MySQL full-text index plug-in mysqlcft 1.0.0 installation instructions

Source: Internet
Author: User

When MySQL has high concurrent connections and a large number of database records, SELECT... WHERE... LIKE '%... % 'the full-text search method is not only inefficient, but also cannot be used for queries starting with the wildcard "%" and "_". A full table scan is required, which puts a lot of pressure on the database. MySQL provides a full-text index solution to solve this problem, which not only improves performance and efficiency (because MySQL indexes these fields to Optimize search ), in addition, it achieves higher quality search. However, up to now, MySQL does not support full-text Chinese indexing correctly.

An important difference between Chinese and Western words, such as English, is that Western words are separated by spaces in units of words. Chinese characters are in the unit of words. Words are composed of one or more words. There is no space between words and words. When you try to use full-text search in a field containing Chinese characters, you will not get the correct result because the Chinese characters do not define words like English spaces and cannot be separated by spaces, INDEX Chinese words.

Reference a section in MySQL 5.1 reference manual:
12.7. Full-text search (http://dev.mysql.com/doc/refman/5.1/zh/functions.html)
● MySQL supports full-text indexing and search. Full-text index FULLTEXT in MySQL. FULLTEXT indexes can only be used in MyISAM tables. They can be created from CHAR, VARCHAR, or TEXT columns as part of the create table statement, or subsequently added using alter table or create index. For large datasets, you can enter your data into a table without FULLTEXT indexes and create an index, which is faster than entering existing FULLTEXT indexes.

● The FULLTEXT analysis program will find certain delimiters to determine the start position and end position of a word, such as ''(delimiter), comma (,), and. (periods ). If words are not separated by delimiters (for example, in Chinese), The FULLTEXT analysis program cannot determine the start position and end position of a word. To add words or other indexed terms to FULLTEXT indexes in such a language, you must pre-process them so that they are separated by arbitrary separators such.

● Ideographic languages such as Chinese and Japanese do not have self-defined delimiters. Therefore, the FULLTEXT analyzer cannot determine the start and end positions of words in these or other languages.

The domestic MySQL full text index solution has two: one is the massive technology MySQL5.0.37 -- LinuxX86-Chinese +, the second is the mysql-5.1.11-ft-hightman developed by hightman, both are based on the Chinese Word Segmentation technology, splits Chinese statements. However, both of them have drawbacks. One is that the 64-bit operating system is not supported; the other is that the source code of MySQL is modified, and only a MySQL version is supported, so it is not easy to follow up the new version; third, the word library cannot be very big and comprehensive. For professional database content (such as searching public transit sites such as "east exit of the Summer Palace Road" and "west exit of Tsinghua East Road, real estate names such as "Lai Zhen xiangger" and "bihai yuntian"), full-text indexing based on Chinese Word Segmentation often does not produce any content, even if a word segmentation dictionary is added, it will not be comprehensive.

Due to the need for precise full-text query, I used the binary cross-splitting algorithm IDEA and used my own "Three-byte cross-splitting algorithm ", this MySQL full-text index plug-in-mysqlcft 1.0.0 was written ". Due to the rush of development time, undiscovered problems are inevitable, which will be continuously improved in subsequent versions. For MySQL tables with millions of records, full-text search is enough.

  • 9 pages in total:
  • Previous Page
  • 1
  • 2
  • 3
  • 4
  • 5
  • 6
  • 7
  • 8
  • Next Page

Related Article

Contact Us

The content source of this page is from Internet, which doesn't represent Alibaba Cloud's opinion; products and services mentioned on that page don't have any relationship with Alibaba Cloud. If the content of the page makes you feel confusing, please write us an email, we will handle the problem within 5 days after receiving your email.

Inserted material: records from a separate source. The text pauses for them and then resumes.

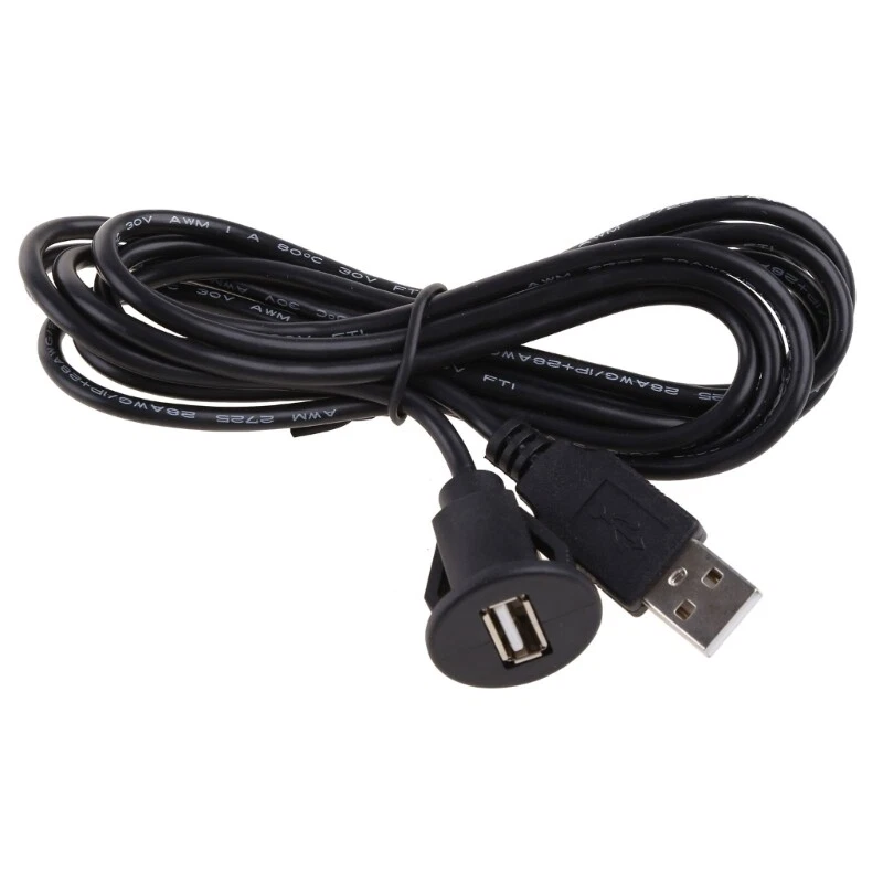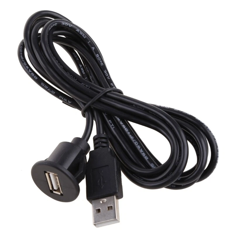 Description: brand new and high quality Description: This handy mountable USB extension can be used to either provide a flush mounted USB input on your or other surface. This USB estension mount is designed for in car use and is for any car stereo equipped with a USB input. Features: USB 1.1 / 2.0 (Hi-Speed) Cable for standard USB devices up to USB version 2.0 Designed for in car but can be used for any application Use for PC Laptop or USB charger's USB port,not only for charging ,but also can transfer data Use an existing hole or cut a hole in your dashboard and clip in the socket to flush mount it to your vehicle's Cable length: 2M/6ft Diameter:2.5cm Material:Plastic+Metal Color: Black Package includes: 1 x 2M USB 2.0 Male to female Extension Cable
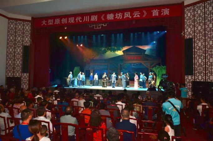 9月2日,大型原创现代川剧《糖坊风云》首演在内江剧场拉开帷幕,我市优秀川剧演员肖云斌、陶红等人,为观众奉上了一场甜城儿女守卫家国的故事盛宴,强大的阵容、紧凑的剧情使得该剧人气火爆,首演当天座无虚席,演出后反响热烈,引发各方好评。
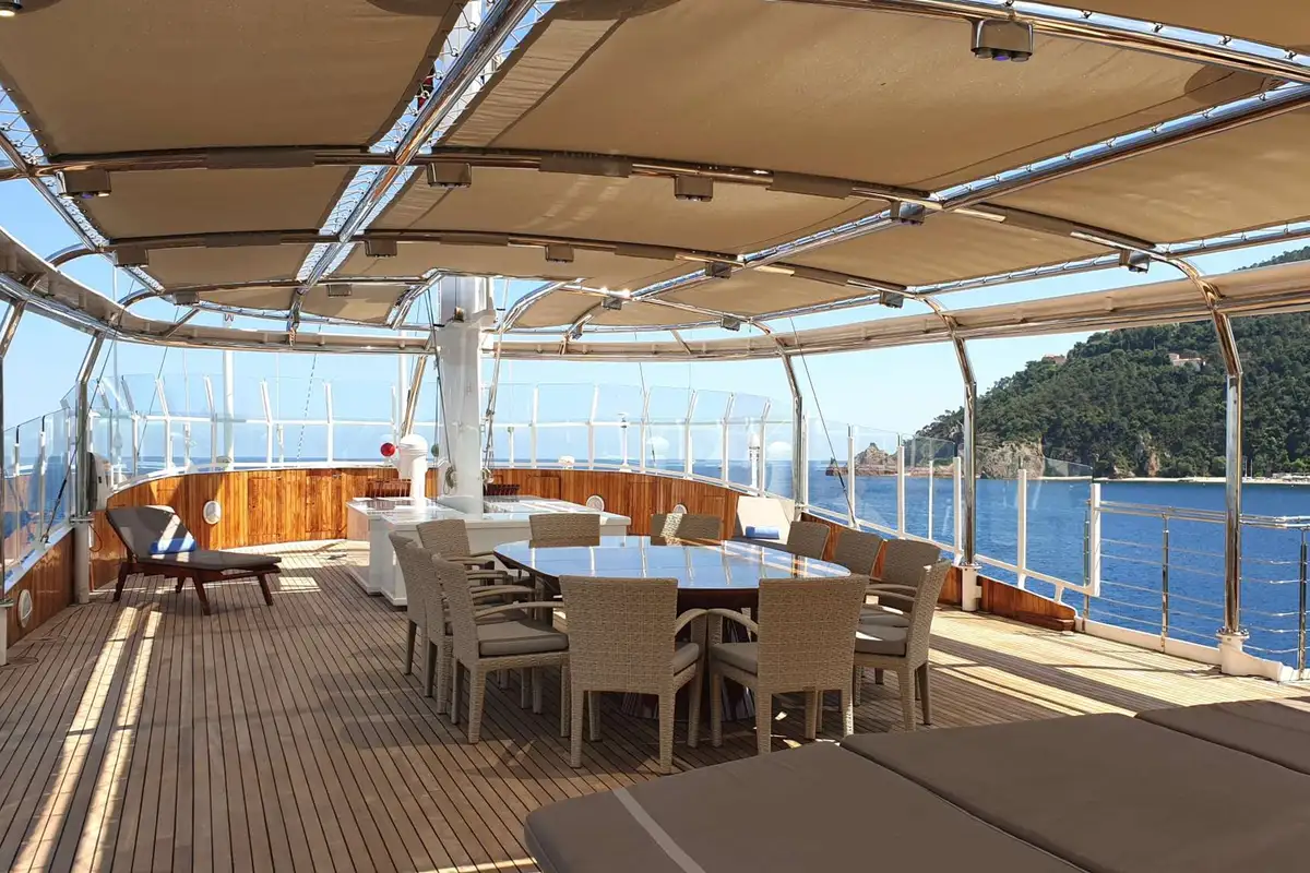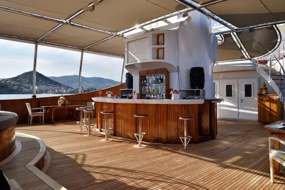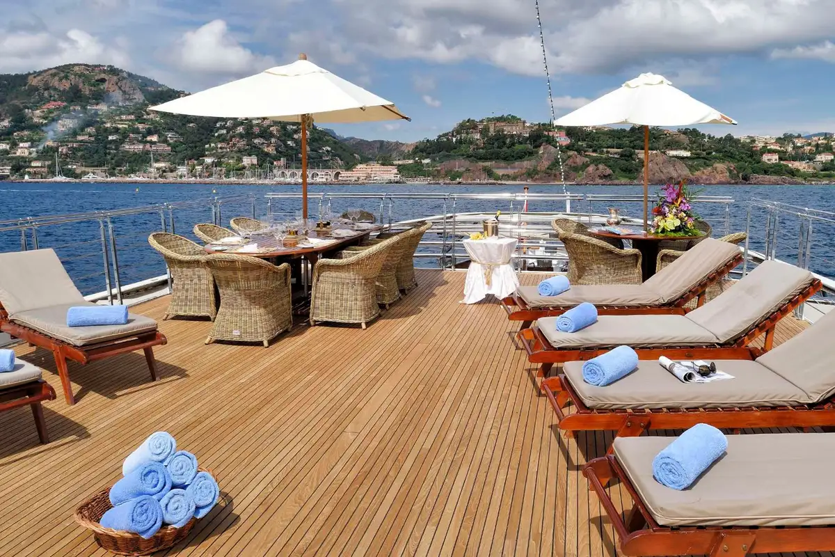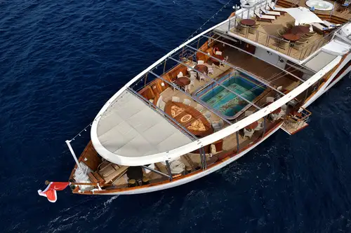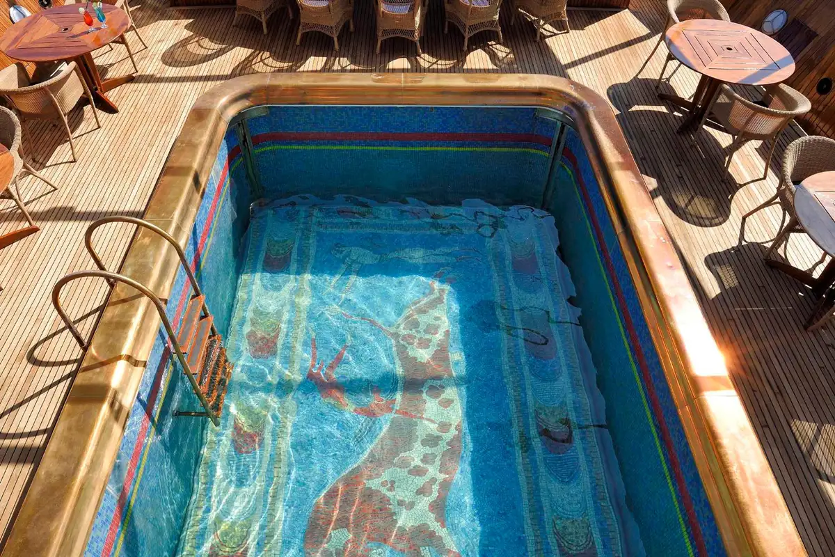 Steps lead down to the main deck aft with dining for 16 guests at a table with Ulysses themed marquetry inlays by Melinda Patten. Cafe tables and chairs surround the focus of this deck, a beautiful mosaic lined and bronze edged pool, the bottom of which rises to create a dancefloor for party evenings.

If you find any instances of plagiarism from the community, please send an email to: info-contact@alibabacloud.com and provide relevant evidence. A staff member will contact you within 5 working days.

A Free Trial That Lets You Build Big!

Start building with 50+ products and up to 12 months usage for Elastic Compute Service

  • Sales Support

    1 on 1 presale consultation

  • After-Sales Support

    24/7 Technical Support 6 Free Tickets per Quarter Faster Response

  • Alibaba Cloud offers highly flexible support services tailored to meet your exact needs.